Information START

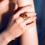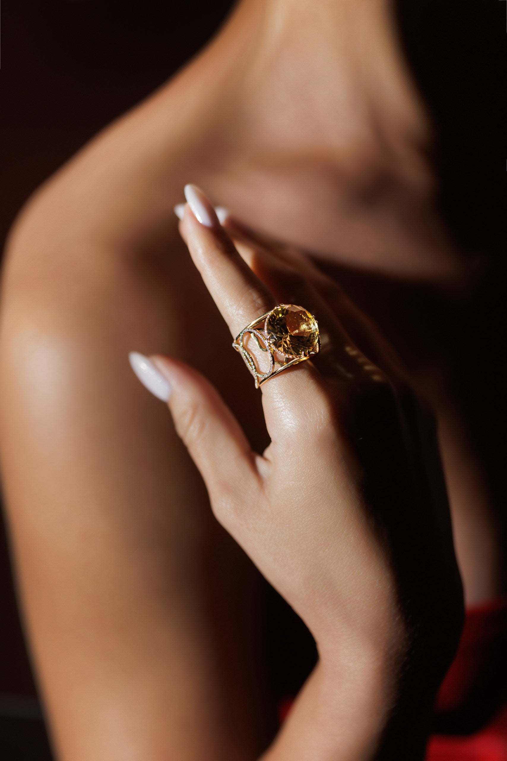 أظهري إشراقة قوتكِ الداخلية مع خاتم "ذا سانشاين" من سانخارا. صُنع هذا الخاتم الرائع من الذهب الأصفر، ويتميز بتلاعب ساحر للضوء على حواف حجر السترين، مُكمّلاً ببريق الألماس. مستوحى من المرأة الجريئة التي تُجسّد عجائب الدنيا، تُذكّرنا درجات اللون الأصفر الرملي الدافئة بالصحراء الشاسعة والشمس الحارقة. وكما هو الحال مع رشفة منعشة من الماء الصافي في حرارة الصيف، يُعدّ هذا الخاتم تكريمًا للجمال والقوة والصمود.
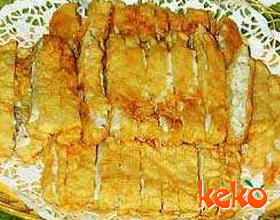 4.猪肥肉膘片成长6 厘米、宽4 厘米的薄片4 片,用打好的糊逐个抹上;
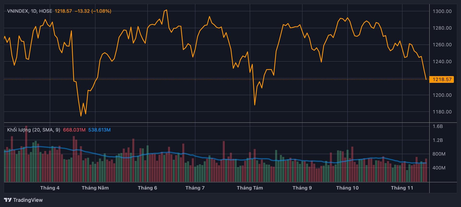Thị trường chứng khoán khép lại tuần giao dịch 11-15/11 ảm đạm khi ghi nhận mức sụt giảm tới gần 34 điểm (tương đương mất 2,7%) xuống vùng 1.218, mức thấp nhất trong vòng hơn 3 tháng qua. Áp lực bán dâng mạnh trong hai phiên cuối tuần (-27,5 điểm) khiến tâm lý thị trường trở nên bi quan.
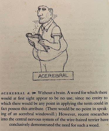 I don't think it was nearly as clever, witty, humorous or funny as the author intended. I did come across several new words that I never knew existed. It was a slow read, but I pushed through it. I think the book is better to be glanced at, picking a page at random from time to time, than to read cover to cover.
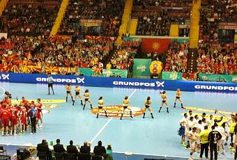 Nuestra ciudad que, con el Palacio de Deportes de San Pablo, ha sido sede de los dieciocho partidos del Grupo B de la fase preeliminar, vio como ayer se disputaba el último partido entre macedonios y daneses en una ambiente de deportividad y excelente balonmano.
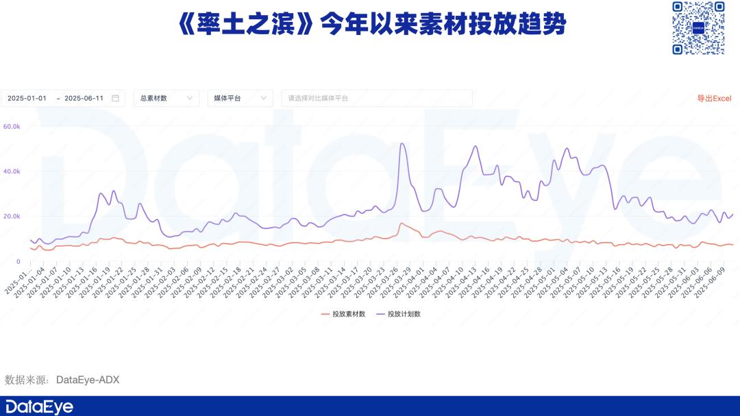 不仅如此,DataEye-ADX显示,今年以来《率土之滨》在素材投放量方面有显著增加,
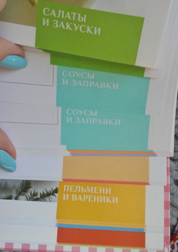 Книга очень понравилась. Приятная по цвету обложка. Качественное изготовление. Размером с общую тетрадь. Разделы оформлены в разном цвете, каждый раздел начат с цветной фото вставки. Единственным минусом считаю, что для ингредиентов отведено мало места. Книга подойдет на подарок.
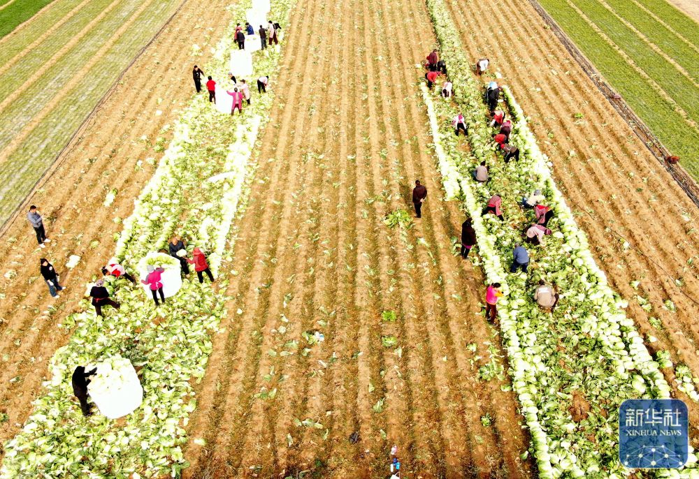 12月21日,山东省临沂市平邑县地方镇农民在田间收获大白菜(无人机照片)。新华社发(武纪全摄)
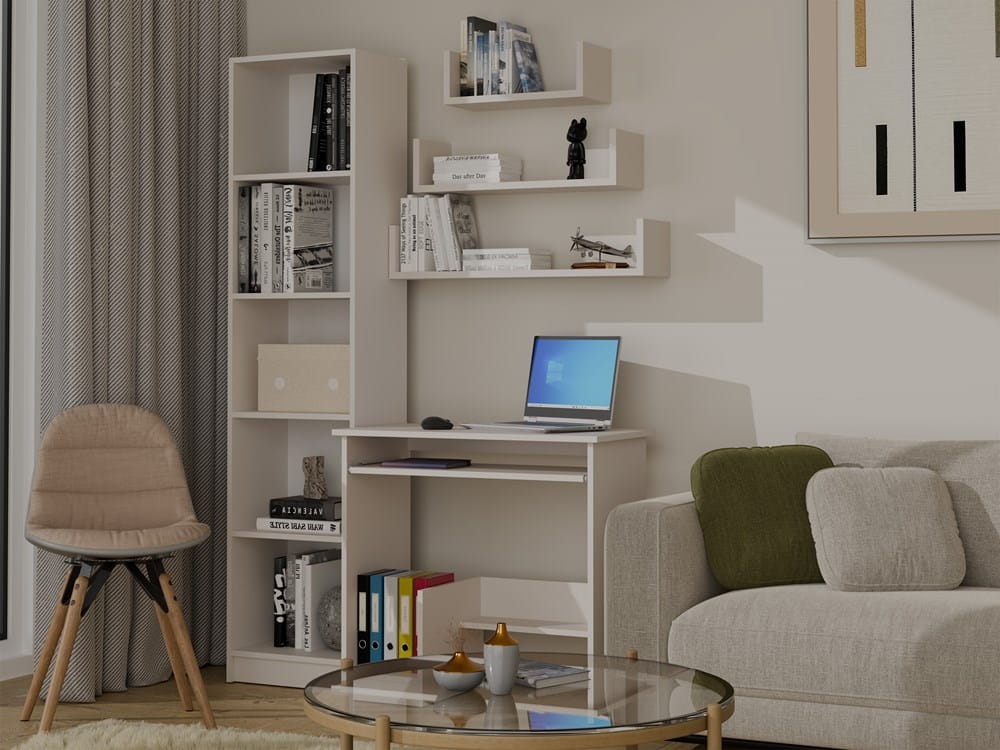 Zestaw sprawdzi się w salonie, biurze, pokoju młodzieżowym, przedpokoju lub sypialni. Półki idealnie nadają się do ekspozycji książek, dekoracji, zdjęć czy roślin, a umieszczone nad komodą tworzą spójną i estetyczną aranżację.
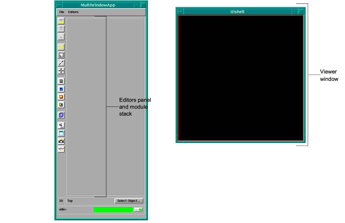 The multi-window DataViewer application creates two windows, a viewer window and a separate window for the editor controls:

Information END

• What the task requires: Transcribe exactly, and only, the lines from the one containing "12月21日,山东省临沂市平" through the last line of the records above, both included; leave out the pictures.

• Answer box:
 12月21日,山东省临沂市平邑县地方镇农民在田间收获大白菜(无人机照片)。新华社发(武纪全摄)
 Zestaw sprawdzi się w salonie, biurze, pokoju młodzieżowym, przedpokoju lub sypialni. Półki idealnie nadają się do ekspozycji książek, dekoracji, zdjęć czy roślin, a umieszczone nad komodą tworzą spójną i estetyczną aranżację.
 The multi-window DataViewer application creates two windows, a viewer window and a separate window for the editor controls:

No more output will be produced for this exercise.